The company stated that it requires identification for the purposes of conducting a credit check, in the case of a new subscriber, and confirming identity, in that of an established customer. As the company extends credit to customers for its telephone services and maintains a credit record on them, it needs to be able to assess the creditworthiness of a new subscriber. Its practice is to ask for two of four possible pieces of identification (date of birth, SIN, driver's licence, or health care card). If the request for service comes from someone with an established credit record with the company, the information is used to confirm that individual's identity. A security deposit is requested when the individual cannot or will not provide the requested identification.
According to established procedures, the company initially explained to the complainant that the information was for a credit check. The complainant offered to provide the company with the information needed to open a bank account or to make arrangements for the check to be done, but was refused. As she had been a customer from 1971 to 2000, she then proposed providing receipts showing her good payment history. The company declined, stating the information was needed to confirm her identity. According to the complainant, she was also informed that her SIN was required. The company, however, denied that she was told this.
In light of the complainant's reluctance to provide identification, the company decided to treat her as an existing customer, waiving its requirements for two pieces of identification, and asking for one piece instead. The complainant, however, declined and obtained telephone service from another provider.
Issued August 5, 2003
Jurisdiction: As of January 1, 2001, the Personal Information Protection and Electronic Documents Act (the Act) applies to any federal work, undertaking, or business. The Commissioner had jurisdiction in this case because a telecommunications company is a federal work, undertaking or business as defined in the Act.
Application: Principle 4.3.3 states that an organization shall not, as a condition of the supply of a product or service, require an individual to consent to the collection, use, or disclosure of information beyond that required to fulfil the explicitly specified, and legitimate purposes. Principle 4.4 establishes that the collection of personal information shall be limited to that which is necessary for the purposes identified by the organization. Section 5(3) establishes that an organization may collect, use or disclose personal information only for purposes that a reasonable person would consider are appropriate in the circumstances.
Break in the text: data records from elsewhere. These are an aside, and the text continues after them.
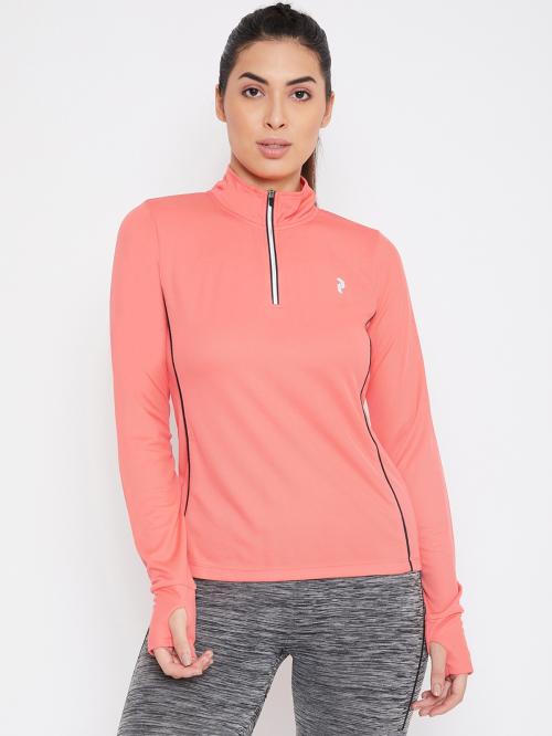PERFKT-U Women Peach-Coloured Solid High Neck Dry Fit Workout T-shirt(L)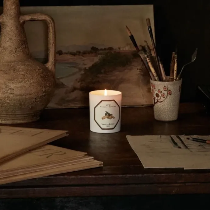 Chaque bougie est fabriquée suivant un savoir-faire ancestral et de manière artisanale dans notre atelier en Normandie ; leur parfum est issu d’un mélange de matières premières naturelles et de synthèse.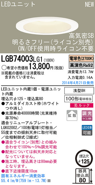 Panasonic LED¥À¥¦¥ó¥é¥¤¥È LGB74003LG1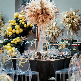 I absolutely loved this celebration for three reasons. First, the family's energy was incredible from the very first meeting. Second, using black as the primary color is unconventional, but the result was fascinating. Finally, the TOTAL BLACK dress code perfectly complemented our concept, where we used pampas grass throughout the entire venue.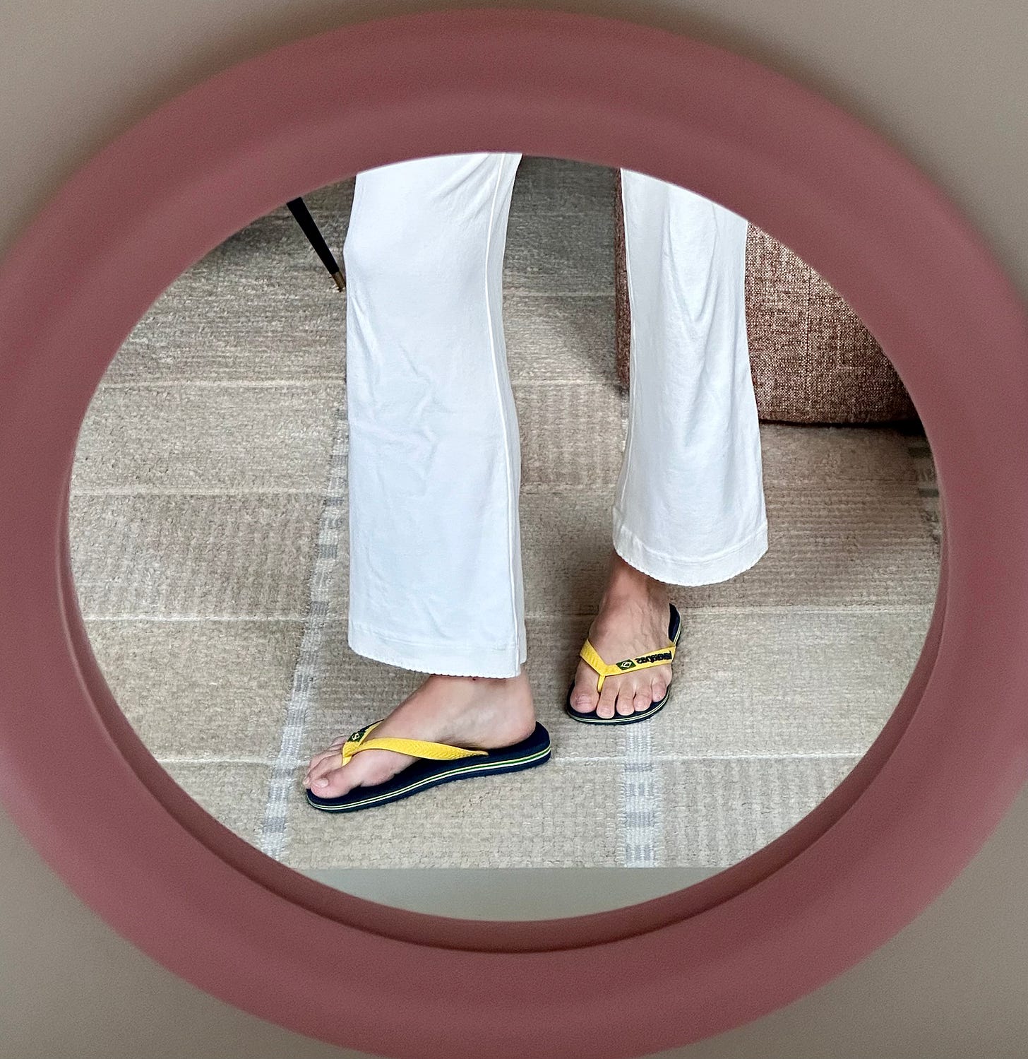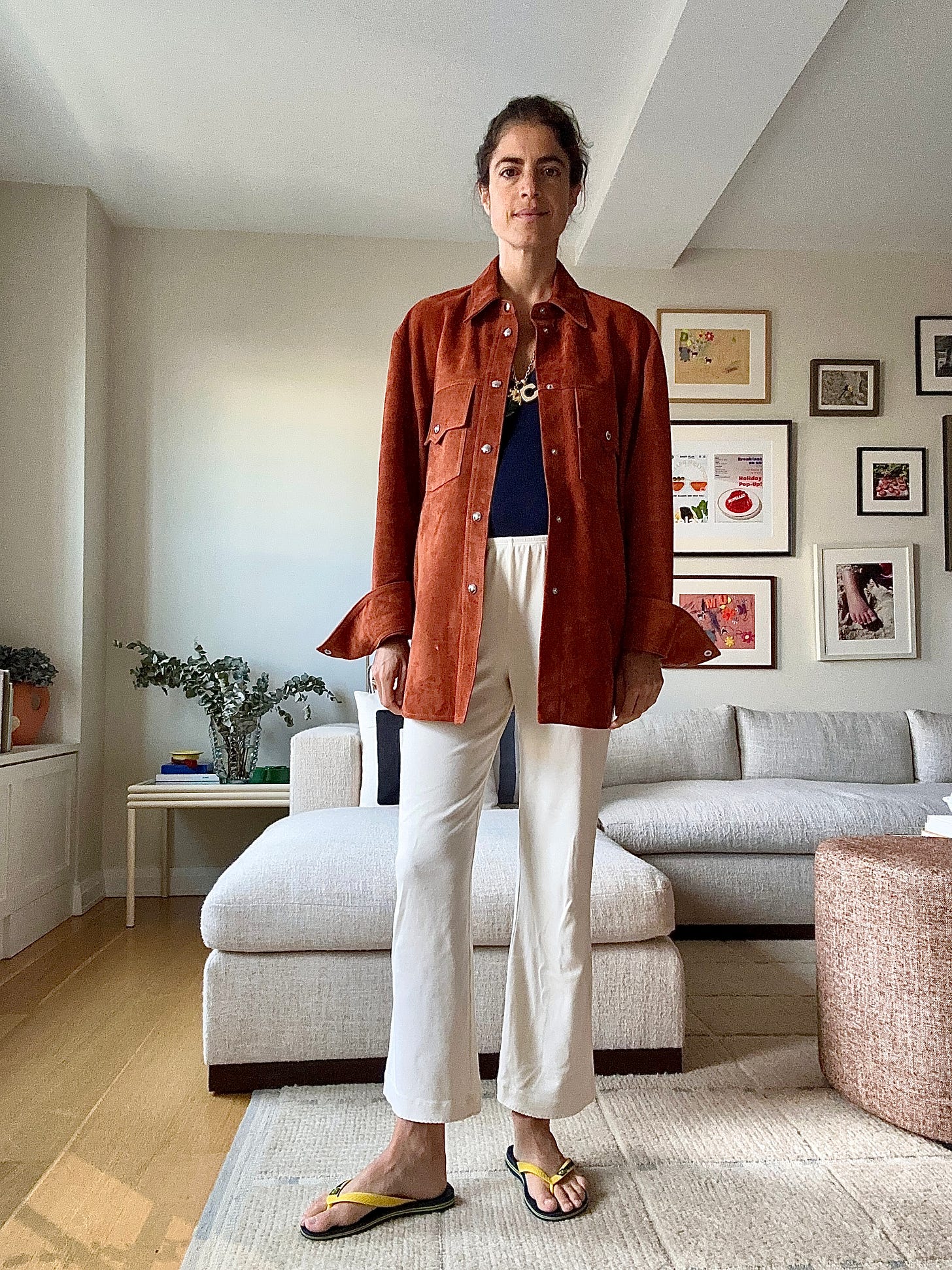 Here’s also just something I wore last week that made me feel like a million bucks. Interior pajamas (eg layers of fine weave cotton) that feel more dressy because of the overarching suede shirt (which doesn’t have to be suede btw — the same one comes in a myriad of options). And then there is something to the flip flops too, which christen the casual nature of the look, especially because of the yellow detailing.

In previous similar cases involving the same company, the Commissioner determined that a reasonable person would conclude that it is appropriate for the organization to collect personal information to confirm the identity or the creditworthiness of a potential customer. He therefore found, in this case, that the collection was not unreasonable and that the company satisfied Principle 4.3.3 of Schedule 1, and section 5(3) of the Act.
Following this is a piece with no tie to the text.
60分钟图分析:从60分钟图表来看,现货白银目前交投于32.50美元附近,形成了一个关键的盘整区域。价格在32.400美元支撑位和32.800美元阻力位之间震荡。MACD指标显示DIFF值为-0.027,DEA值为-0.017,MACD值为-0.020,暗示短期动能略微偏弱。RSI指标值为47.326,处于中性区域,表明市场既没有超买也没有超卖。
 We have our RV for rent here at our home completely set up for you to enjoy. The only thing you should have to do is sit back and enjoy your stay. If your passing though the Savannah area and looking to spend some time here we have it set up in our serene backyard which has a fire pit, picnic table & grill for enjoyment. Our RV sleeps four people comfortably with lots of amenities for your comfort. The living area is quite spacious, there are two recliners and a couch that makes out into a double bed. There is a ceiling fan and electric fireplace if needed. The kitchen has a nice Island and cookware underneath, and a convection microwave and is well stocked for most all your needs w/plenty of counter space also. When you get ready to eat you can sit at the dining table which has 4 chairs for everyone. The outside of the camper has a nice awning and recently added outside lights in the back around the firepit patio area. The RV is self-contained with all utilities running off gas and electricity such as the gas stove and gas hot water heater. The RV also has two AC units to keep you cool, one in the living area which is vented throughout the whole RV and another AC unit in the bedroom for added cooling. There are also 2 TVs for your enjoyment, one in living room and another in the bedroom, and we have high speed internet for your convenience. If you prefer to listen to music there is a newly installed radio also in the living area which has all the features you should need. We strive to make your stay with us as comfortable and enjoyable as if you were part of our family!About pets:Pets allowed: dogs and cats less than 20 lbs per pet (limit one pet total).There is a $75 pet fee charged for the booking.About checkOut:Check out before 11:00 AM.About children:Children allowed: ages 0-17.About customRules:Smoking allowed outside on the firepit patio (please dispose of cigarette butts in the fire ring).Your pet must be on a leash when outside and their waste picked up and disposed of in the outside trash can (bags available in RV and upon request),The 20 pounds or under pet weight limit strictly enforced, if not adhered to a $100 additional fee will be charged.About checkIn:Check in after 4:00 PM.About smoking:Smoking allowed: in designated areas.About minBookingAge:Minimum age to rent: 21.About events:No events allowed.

The Commissioner also noted that companies that collect information to conduct a credit check or confirm identity must limit the information to that which is needed to fulfil such purposes. Given that the company had provided the complainant with a choice of identification that she could provide, the security deposit option, as well as the offer to waive its requirements and accept only one piece of identification, the Commissioner was satisfied that the company had limited itself to the information necessary to fulfil its purposes, as stipulated in Principle 4.4.
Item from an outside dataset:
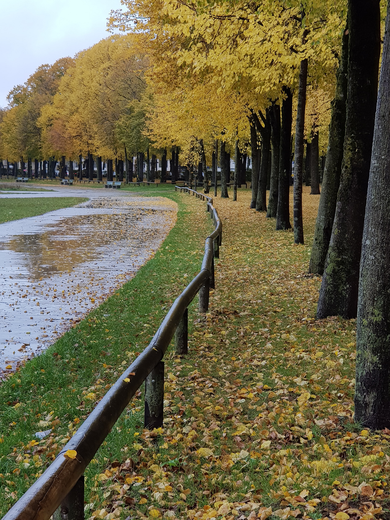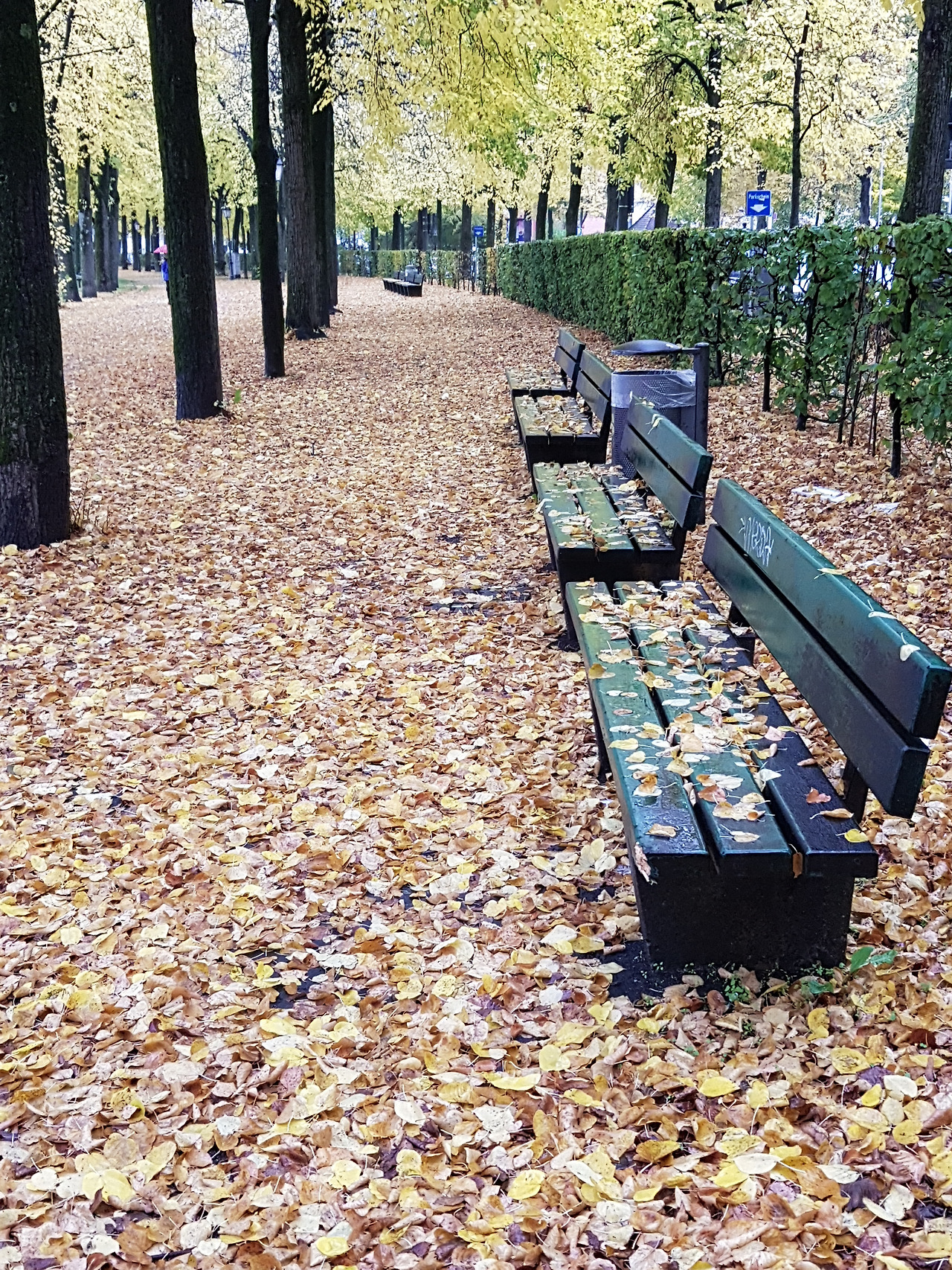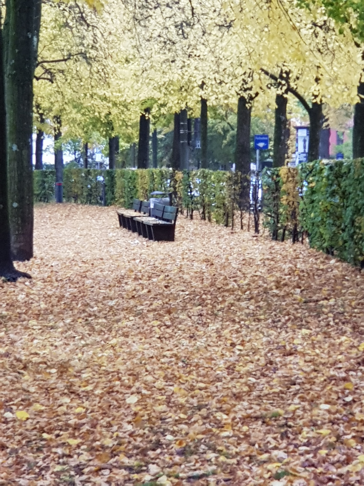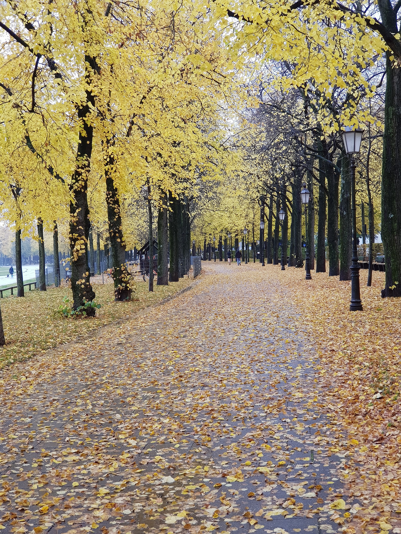 아이와는 한글학교 지하철 역앞에서 헤어졌다. 토요일 오전3시간의 자유가 손안에 쥐어지는 짜릿한 순간이었다. 무엇을 할 것인가. 평소대로 카페로 직행하지 못한 건 노란 물결 때문이었다. 한글학교에서 옥토버 페스트 장소는 멀지 않다. 지하철 역에서 한 블록만 걸어가면 된다. 그 다음 눈 앞에 펼쳐질 들판은 테레지엔 비제 Theresienwiese.지금까지 왜 그 생각을 못했을까. 그곳의 산책길을잊고 살다니. 맑은 날들 다 지나고 비 오는 어제서야 생각이 나다니. 비 오는 날 사진이 제일 차분하리란 내 예상은 들어맞았다. 저 길들, 저 낙엽들을 못 봤으면 어쩔 뻔했나!

The Commissioner therefore concluded that the complaint was not well-founded.
Notwithstanding his finding, the Commissioner appreciated the complainant's concerns about providing her SIN. He noted that organizations that are subject to the Act often ask for the SIN for identification purposes and there is no legislation to prohibit them from doing so. However, the federal government's position is that the SIN should only be used for legislated purposes. In keeping with this, the Commissioner reiterated his view that Canadians should refrain from providing their SINs as identification. To do otherwise, as he noted, would be to risk making the SIN a de facto national identifier, instead of simply an individual's account number for social benefit purposes.